In Part 1 of WSEH, I discussed the “Eur-Am” Connection, i.e. the context of European developments that preceded and paralleled American history and conditioned its progress.

In Part 2 of WSEH, I presented the idea of that European History is a fascinating world of values that can provide us with both emotional and cognitive fuel–provided that material is properly presented.

My focus in this installment is on how the history of Europe helps us to understand and respond to the Europe of today.

To begin, perhaps it is necessary to explain why understanding today’s Europe is even an important goal.

To some, the answer to Europe’s antipathy to America, to its sanction and even direct aid to our enemies through the United Nations and other channels, and to its general subordinacy in contemporary world affairs, is simply to ignore Europe–to go beyond an “America first” perspective in foreign policy to an “America only” perspective in the intellectual arena.

This is a mistake on many fronts–two of which I’ve already explained in parts 1 and 2 of this series, but it is also an error in at least two other related ways: 1) Despite Europe’s political subordinacy since WWII, European ideas continue to dominate the world. 2) Europe is not only the world’s largest supranational economy; it is a prototype for political supranationalism–a key model in international affairs that threatens the very existence of the United States.

Ever since the Age of Discovery (1415-1607), European powers moved out continually into the world and impressed their cultures upon it.  The people of the Americas speak either English, French, Spanish, or Portuguese.  In Africa and Asia, one of these is almost always the second tongue.  And this linguistic domination is merely a reflection of a deeper penetration of the world’s cultures by European thinking.  Whether by direct imperial presence, or by means of trade and cultural exchange with European powers, the world’s people have all in some measure become “Western.”

To be sure, America has also played an increasing role in this Westernization, but the United States has merely picked up where Europe left off, and much of what we are know dealing with is the result of the European imprint.
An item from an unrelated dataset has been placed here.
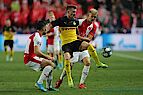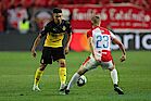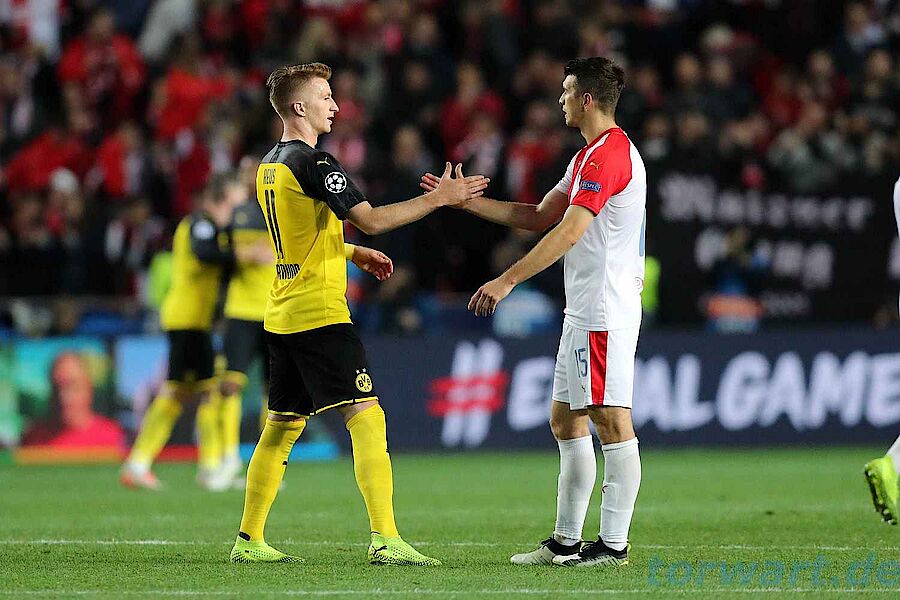 Roman Bürki / Borussia Dortmund: Zwar agierten die Vorderleute von Bürki von Beginn an spielbestimmend, doch mit zunehmender Spielzeit fanden auch die Gastgeber besser in die Parie. Nach einem Traumpass von Stanciu in der 21. Minute tauchte Masopust alleine vor Bürki auf, der mit einer starken Fußparade die Null hielt. Bis zu diesem Zeitpunkt wusste Bürki, das Pressing der Gastgeber gekonnt auszuspielen und zeigte eine gute, beidfüßige Beinarbeit. Drei Zeigerumdrehungen später wischte der Schweizer auch einen Freistoß-Aufsetzer von Stanciu aus dem Eck. Der Ball kam im letzten Moment noch unglücklich auf, sodass Bürki sich komplett strecken musste. Bei schwierigen und nassen Platzverhältnissen hielt Bürki seine Mannschaft in dieser Phase im Spiel. Erst Mitte der zweiten Halbzeit wurden die Tschechen wieder ansatzweise gefährlich: Olayinka verpasste in Minute 64 nach einer Ecke knapp, Sevcik prüfte Bürki aus der zweiten Reihe. Bürki zeigte ein gutes Positionsspiel und hatte folglich keine Probleme. Im weiteren Verlauf der Partie agierte der ehemalige Schweizer Nationaltorhüter fehlerfrei und hielt die Null. Starker Auftritt von Roman Bürki in Prag.

For instance, the leading classes among the people of the Middle East were mostly educated either in Europe, or in schools founded by colonial powers, or in schools patterned after those of colonial powers. Middle Eastern nationalism–a key factor in shaping that region–was imported from Europe, and adapted to its specific context.  The same can be said of Chinese Communism and the various amalgamated forms of republicanism and socialism throughout Asia.

To be sure, Europe’s separate powers no longer occupy a leading role in almost any area, but it is not as separate powers that we must now contend with Europe. The latest ideological development in Europe’s political evolution is supranationalism.

EU FlagTo understand this latest incarnation of the European world is one of the important goals of studying European history.  

By studying the story of Europe we learn that the European Union follows in the wake of nationalism, and internationalism–which themselves emerged from the disintegrated era of the “Balance of Power”–which followed the dissolution of Christendom during the Reformation–itself rooted largely in the oscillating fortunes of the Holy Roman Empire–which emerged from the ruins of the Frankish Empire–which was built over the ashes of Rome.

By tracing this plot-line and others we gain insight into Europe’s culture: Germany’s “Weltschmerz” (“world weariness”), French abhorrence of a happy ending, and wry British wit.  We also uncover the reasons for Europe’s envy of America’s primacy in world affairs, and the reasons why Europeans constantly act to undercut America’s stature.  But more importantly, we find the forces that have shaped current European ideology, which can help us counter it and refashion the “Old World” after the New.


To receive Part 4 of this series, be sure to sign up for the Powell History Mailing List.

To join the upcoming presentation of European History, a part of the acclaimed A First History for AdultsTM curriculum–starting July 18th–click here.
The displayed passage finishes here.